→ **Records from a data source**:
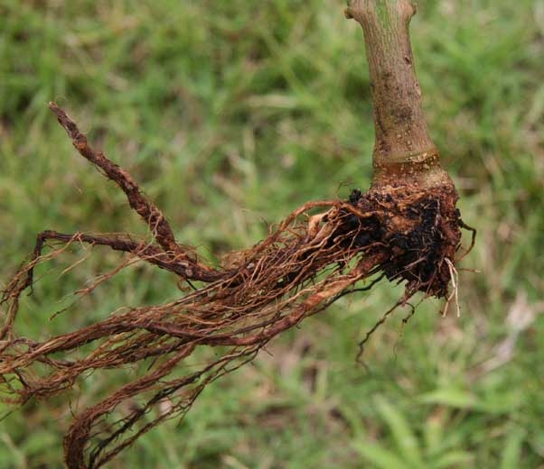- Fontes de semis et chancres noirs et déprimés apparaissant sous les cotylédons, des pourritures racinaires et du collet sur jeunes plantules en pépinière ou après plantation ;
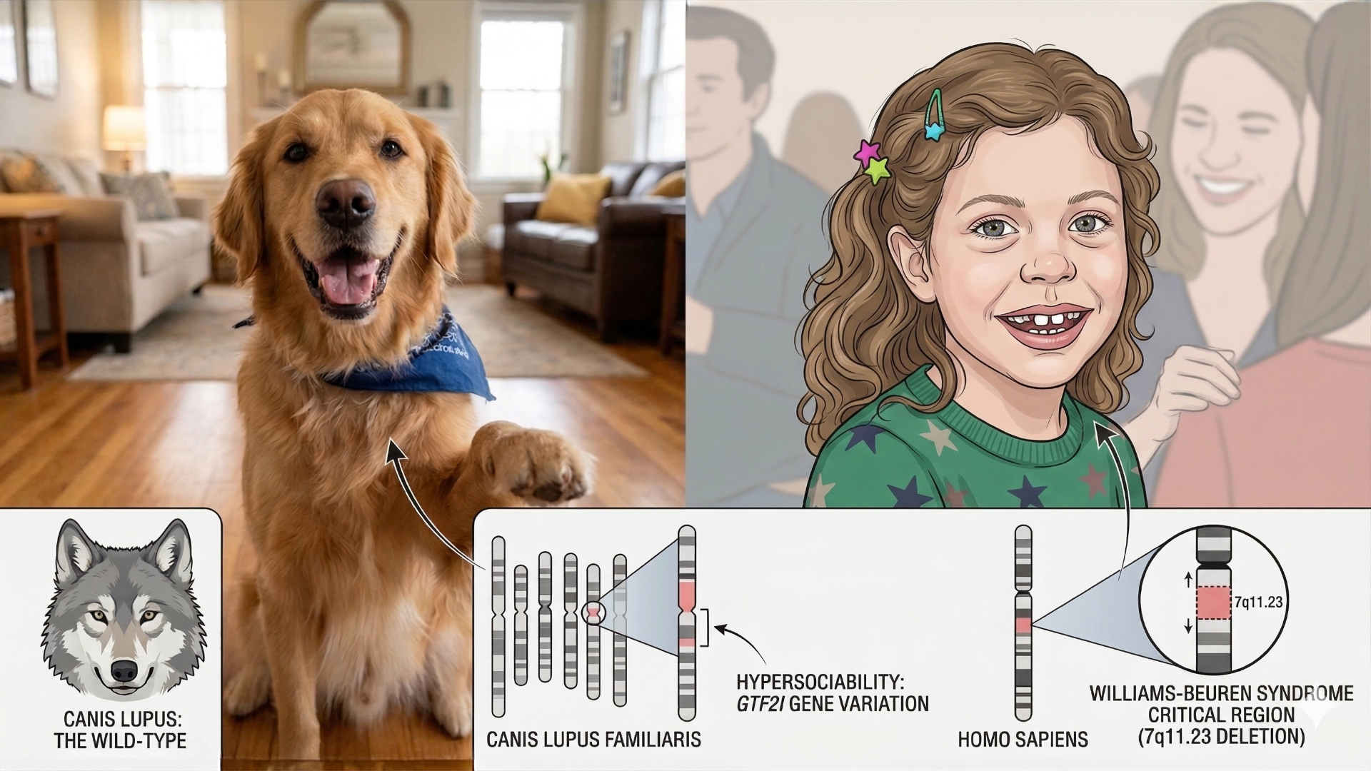 The parallel in humans is striking. Williams Syndrome (WS), typically caused by a microdeletion on chromosome 7, produces a characteristic profile of hypersociability, heightened empathy, "elfin" facial features, cardiovascular anomalies, and mild-to-moderate intellectual disability. Individuals with WS show a near-complete absence of social fear—they approach strangers readily and form immediate emotional connections, often at the cost of appropriate social caution. Dogs show a remarkably similar behavioral signature: reduced stranger-avoidance, prolonged gaze toward human faces, and a strong drive for social contact that persists even when no food reward is offered. Both populations also show parallels in cognitive profile, with relative weaknesses in spatial reasoning and problem-solving alongside preserved or heightened social cognition. The comparison suggests that what we call "Man's Best Friend" behavior isn't simply a product of training or shared history—it's a hypersociability phenotype that appears to have been positively selected during domestication, with the same genomic region driving convergent social behavior across two very different species.
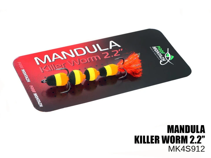 Mandula Killer Worm 4 segmenty 55mm (#912) – tělo se skládá ze 4 segmentů, každá část je oddělena korálky, celková délka mandulky je 55mm. V řadě Killer Worm se jedná o středně velkou mandulu, skvělou jak pro microjig, tak pro lehký lov. Za prvé, trofejí této mandule jsou okouni, ale candáti a štice se také nebrání hodovat na tak chutné napodobenině červa.
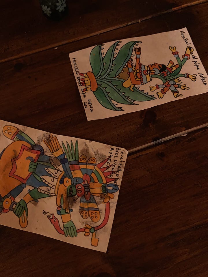 Enjoying Antigua (first two pictures), slowly coming back to photo embroidery (3), and learning more about the mythological origins of mezcal… (4)
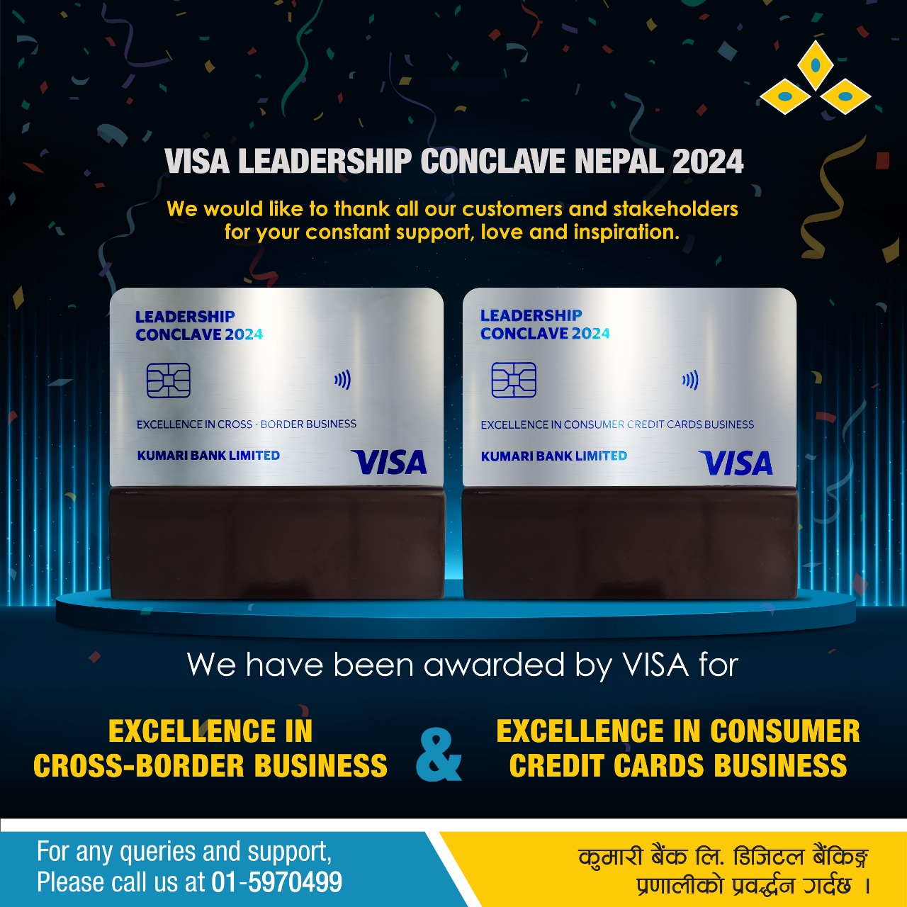 गत अशोज २ गते भिजा इन्टरनेशनलद्वारा आयोजित लिडर कन्सलेभ सम्मेलनमा एक्सलेन्ट इन कन्जुमर क्रेडीट कार्ड बिजनेस र एक्सलेन्ट इन क्रस बोर्डर बिजनेस अवार्डबाट सम्मानित भएको हो ।

→ **Assignment**: Every entry above is to be transcribed exactly, with all pictures left out.

→ **Solved problem**:
- Fontes de semis et chancres noirs et déprimés apparaissant sous les cotylédons, des pourritures racinaires et du collet sur jeunes plantules en pépinière ou après plantation ;
 The parallel in humans is striking. Williams Syndrome (WS), typically caused by a microdeletion on chromosome 7, produces a characteristic profile of hypersociability, heightened empathy, "elfin" facial features, cardiovascular anomalies, and mild-to-moderate intellectual disability. Individuals with WS show a near-complete absence of social fear—they approach strangers readily and form immediate emotional connections, often at the cost of appropriate social caution. Dogs show a remarkably similar behavioral signature: reduced stranger-avoidance, prolonged gaze toward human faces, and a strong drive for social contact that persists even when no food reward is offered. Both populations also show parallels in cognitive profile, with relative weaknesses in spatial reasoning and problem-solving alongside preserved or heightened social cognition. The comparison suggests that what we call "Man's Best Friend" behavior isn't simply a product of training or shared history—it's a hypersociability phenotype that appears to have been positively selected during domestication, with the same genomic region driving convergent social behavior across two very different species.
 Mandula Killer Worm 4 segmenty 55mm (#912) – tělo se skládá ze 4 segmentů, každá část je oddělena korálky, celková délka mandulky je 55mm. V řadě Killer Worm se jedná o středně velkou mandulu, skvělou jak pro microjig, tak pro lehký lov. Za prvé, trofejí této mandule jsou okouni, ale candáti a štice se také nebrání hodovat na tak chutné napodobenině červa.
 Enjoying Antigua (first two pictures), slowly coming back to photo embroidery (3), and learning more about the mythological origins of mezcal… (4)
 गत अशोज २ गते भिजा इन्टरनेशनलद्वारा आयोजित लिडर कन्सलेभ सम्मेलनमा एक्सलेन्ट इन कन्जुमर क्रेडीट कार्ड बिजनेस र एक्सलेन्ट इन क्रस बोर्डर बिजनेस अवार्डबाट सम्मानित भएको हो ।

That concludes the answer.